Philippe Béchade: «S’il la gère mal, il n’est pas le seul. Ce n’est pas une excuse. Il est vrai que lorsque l’on regarde les mesures prises par les autorités chinoises par exemple, la comparaison fait mal pour la France, qui n’a pour le coup pas pris la moindre initiative sérieuse pour approvisionner les hôpitaux et les pharmacies en masques, notamment. Vous n’avez qu’à constater les nombreuses ruptures de stock concernant les gels hydroalcooliques. Tout ceci est le résultat d’un total manque de prévoyance. Malheureusement, je pense que nos autorités avaient autre chose en tête. Comme faire passer la réforme des retraites avec le 49-3 par exemple. Le coronavirus est passé sous le radar et n’a pas été pris en compte.»
Sputnik France: Que conseillerez-vous à un investisseur ou un épargnant pour se protéger contre les turbulences actuelles?

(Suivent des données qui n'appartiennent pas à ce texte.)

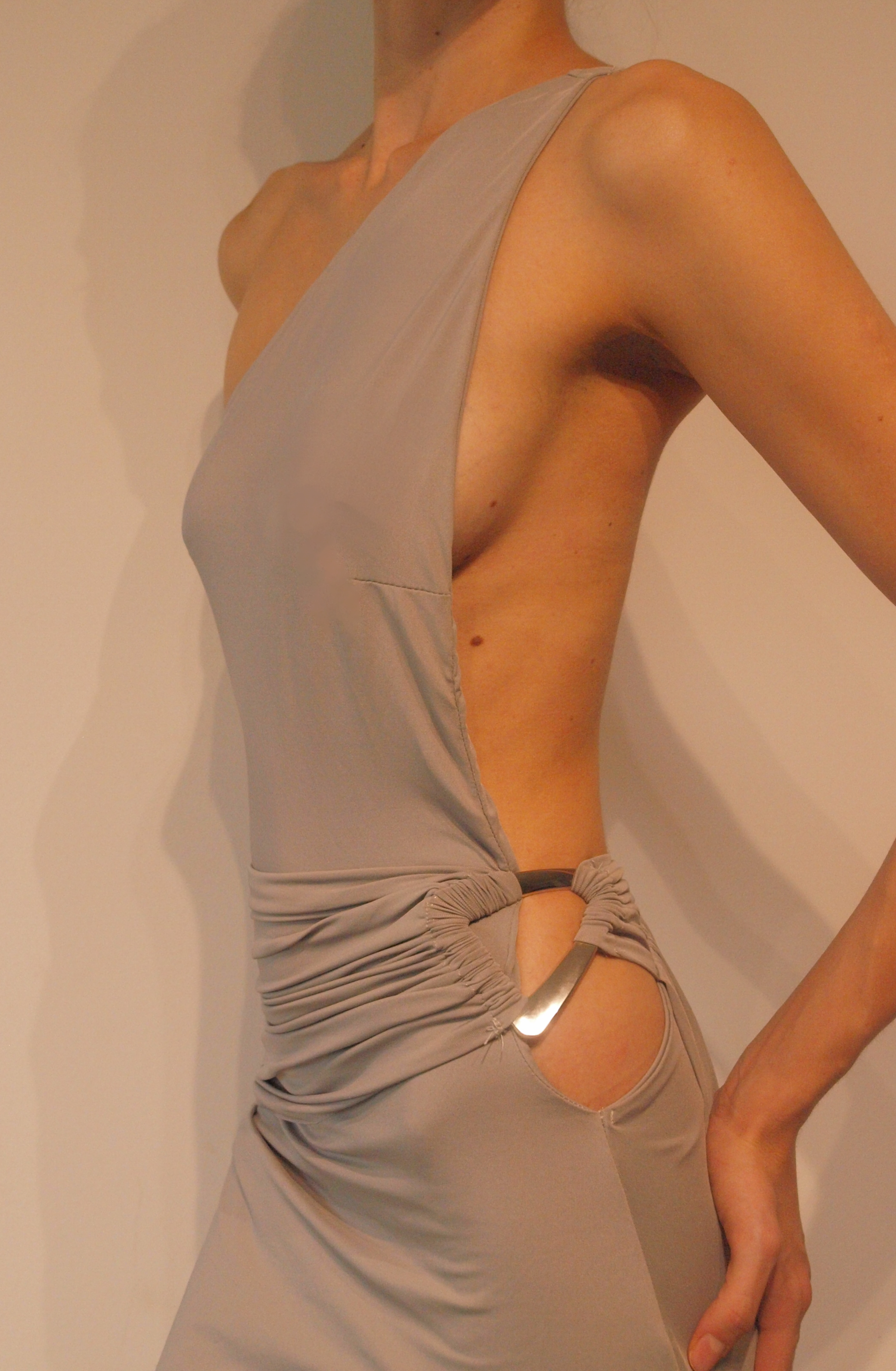 Detalj metalnog trokuta naglašava struk, dok fluidan pad tkanine omogućuje graciozno kretanje.

Philippe Béchade: «Pour résumer, en ce moment, le cash est roi. Beaucoup d’emprunts d’État affichent des niveaux de valorisation stratosphériques et offrent des rendements négatifs. Aujourd’hui, vous louez très cher un coffre-fort. Vous avez des obligations assimilables du Trésor (OAT) françaises à 10 ans à -0,26% ou du -0,6% sur leurs équivalentes allemandes. Si l’on se place sur ce genre de véhicule, on perd de l’argent. Mais on en perd peu. Aujourd’hui, le but est de trouver un refuge sur lequel on ne perd pas d’argent. L’objectif n’étant plus d’en gagner en tentant de faire 1,5% de rendement sur des obligations mal notées en prenant d’énormes risques comme cela a été le cas pratiquement toute l’année 2019. à l’heure actuelle, il est nécessaire de se placer pour ne pas perdre. Si l’on est un peu plus aventureux, on peut toujours tenter de profiter de la montée actuelle des cours de l’or ou de l’argent. Je pense que nous nous dirigeons à moyen terme vers un scénario plus inflationniste. Le coronavirus pourrait très bien aboutir à une démondialisation des circuits de production, avec des rapatriements d’usines et des relocalisations. Tout ceci se ferait au détriment des prix de revient et tout coûterait plus cher à produire. Il est possible que les 20 ans de déflation que nous devons à la Chine soient prochainement derrière nous. Si l’on se situe dans une perspective inflationniste à moyen terme, il serait malin d’acheter de l’or. Si l’on pense que les Banques centrales vont encore intervenir et injecter massivement des liquidités dans les marchés à court terme, là encore, il serait intelligent de miser sur l’or. Donc selon moi, dans les tous les cas, on achète de l’or.»